I.            INTRODUCTION

On March 26, 2019, plaintiff Adam Becker (“Plaintiff”) initiated this action against defendants Artisanal Brewers Collective, LLC (“ABC”), The Old Chalet, and Bethany McDaniel (“McDaniel’). The complaint alleges the following causes of action: (1) premises liability against ABC and The Old Chalet; (2) negligence against ABC and The Old Chalet; and (3) battery against McDaniel.

On April 12, 2019, ABC and The Old Chalet filed their joint answer to the complaint.

On July 3, 2019, McDaniel filed her answer to the complaint.

On August 30, 2023, ABC filed the instant motion for summary judgment.

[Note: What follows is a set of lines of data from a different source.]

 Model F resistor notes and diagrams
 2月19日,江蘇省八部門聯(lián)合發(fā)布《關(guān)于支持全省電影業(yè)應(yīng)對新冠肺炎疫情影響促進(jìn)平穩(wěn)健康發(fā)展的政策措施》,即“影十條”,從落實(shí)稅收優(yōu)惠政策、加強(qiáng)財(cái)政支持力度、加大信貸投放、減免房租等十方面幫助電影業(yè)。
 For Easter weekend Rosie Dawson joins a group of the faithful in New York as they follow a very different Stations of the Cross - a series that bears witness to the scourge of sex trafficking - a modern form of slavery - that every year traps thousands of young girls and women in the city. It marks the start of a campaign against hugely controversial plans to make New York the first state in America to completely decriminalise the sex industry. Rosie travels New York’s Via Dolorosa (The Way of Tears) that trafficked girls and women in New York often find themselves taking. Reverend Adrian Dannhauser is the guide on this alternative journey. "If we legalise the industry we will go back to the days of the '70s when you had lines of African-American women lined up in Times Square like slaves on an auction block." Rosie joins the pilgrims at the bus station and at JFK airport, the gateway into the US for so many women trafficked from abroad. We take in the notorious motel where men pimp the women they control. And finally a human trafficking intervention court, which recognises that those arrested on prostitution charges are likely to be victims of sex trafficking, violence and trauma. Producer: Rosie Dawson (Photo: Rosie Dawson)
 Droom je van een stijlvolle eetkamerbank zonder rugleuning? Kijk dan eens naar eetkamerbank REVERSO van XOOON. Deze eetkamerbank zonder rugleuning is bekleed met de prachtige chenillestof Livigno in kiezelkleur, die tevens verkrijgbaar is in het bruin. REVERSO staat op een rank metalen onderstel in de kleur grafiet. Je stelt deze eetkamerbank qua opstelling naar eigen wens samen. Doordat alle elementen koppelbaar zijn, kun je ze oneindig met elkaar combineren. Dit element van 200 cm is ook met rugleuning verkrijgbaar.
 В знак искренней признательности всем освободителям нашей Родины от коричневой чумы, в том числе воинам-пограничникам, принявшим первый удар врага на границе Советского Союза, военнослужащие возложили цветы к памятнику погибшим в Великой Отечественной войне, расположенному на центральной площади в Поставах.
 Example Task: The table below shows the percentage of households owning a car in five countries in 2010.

On October 30, 2023, Plaintiff filed his opposition to the instant motion for summary judgment. On November 8, 2023, ABC filed its reply papers.

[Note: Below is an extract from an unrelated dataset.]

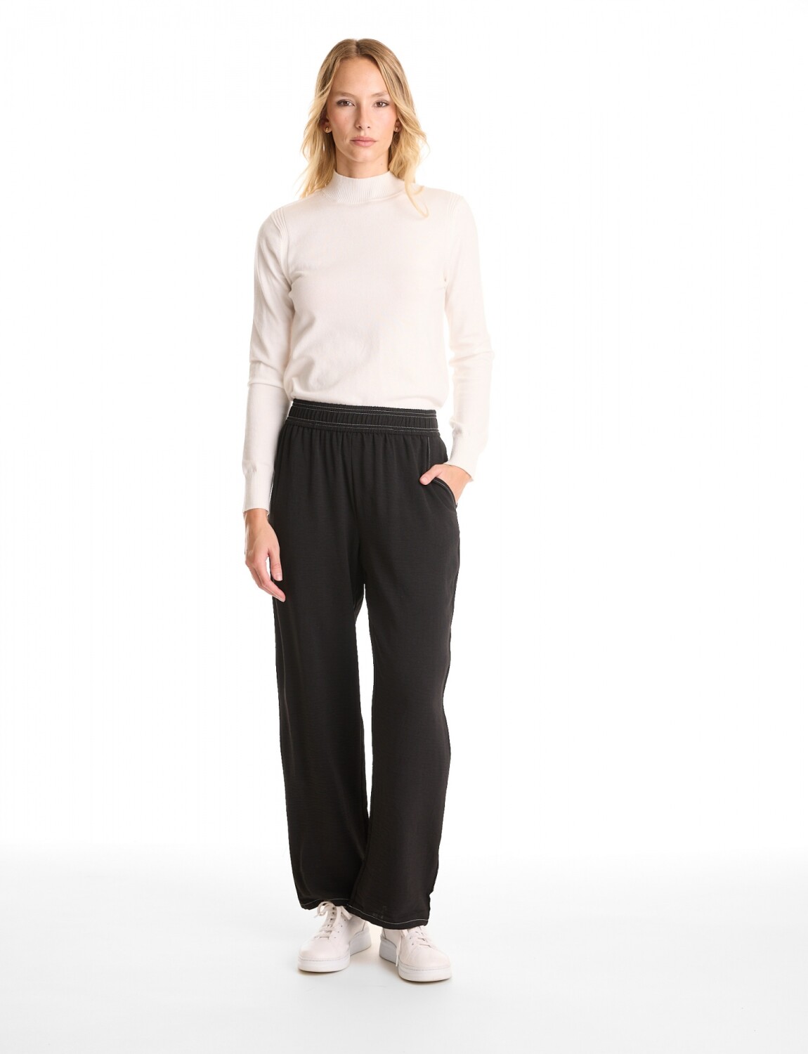 Pantalón en crepe fluido, marca Ninety.

On November 13, 2023, the Court continued the hearing on ABC’s motion for summary judgment to January 3, 2024, and it further instructed ABC to file a fact and legal brief on the issue of obstreperous and aggressive conduct by November 27, 2023. The Court permitted Plaintiff to file a response to this brief by December 18, 2023. In compliance with the Court’s directives, the parties filed their respective briefs on the appropriate dates.

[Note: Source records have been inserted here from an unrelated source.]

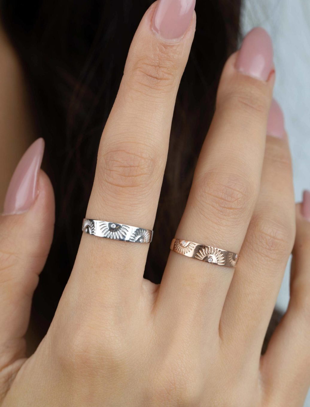The “Sun Goddess Ring” features upside down sun engravings with a diamond in each, evoking the glow of the sunlight and symbolizing light and the love of life. Showcase it on its own or mix and match with others from the range to create a unique, highly individual look!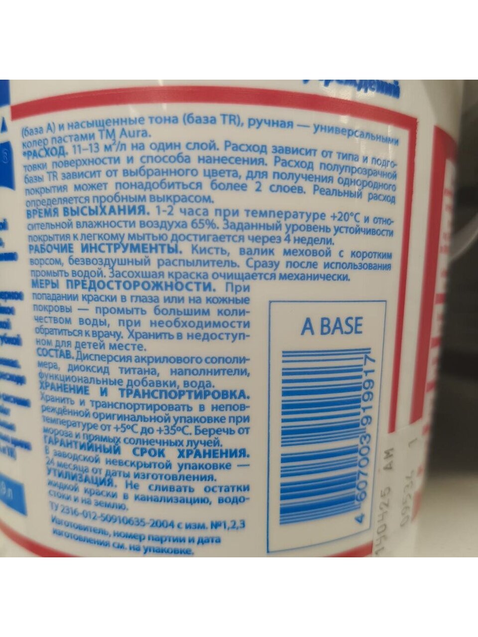 База А — белый; можно использовать в качестве белой краски или для колеровки. База TR – полупрозрачный; использовать только после колеровки!.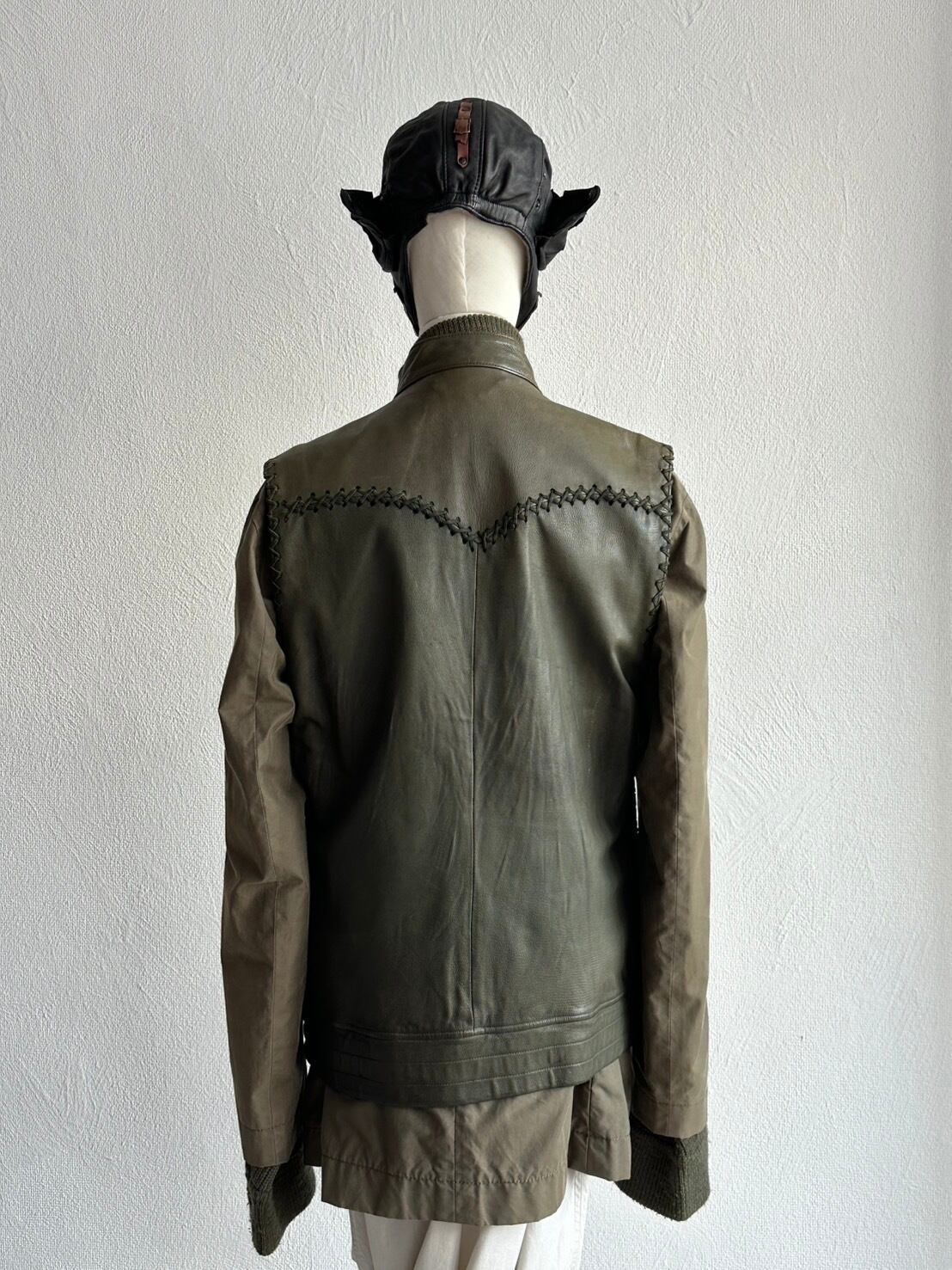 そしてフロントのファスナーは斜めにぐにゃり傾いて、ダブルブレストのライダースとはまた違うオフセットラインに着地。

On December 6, 2023, Plaintiff filed a motion for terminating sanctions against Defendant ABC for its failure to preserve and produce complete security video-recordings after being placed on notice of the potential for litigation. Alternatively, Plaintiff seeks the imposition of an issue sanction “that due to ABC’s spoliation of evidence that it be determined in this action that ABC was placed on notice of the potential and imminent threat posed by Defendant McDaniel.” (Notice of Motion re: Sanctions at pg. 2.) As another alternative, Plaintiff requests the Court issue jury instructions pursuant to Evidence Code § 413.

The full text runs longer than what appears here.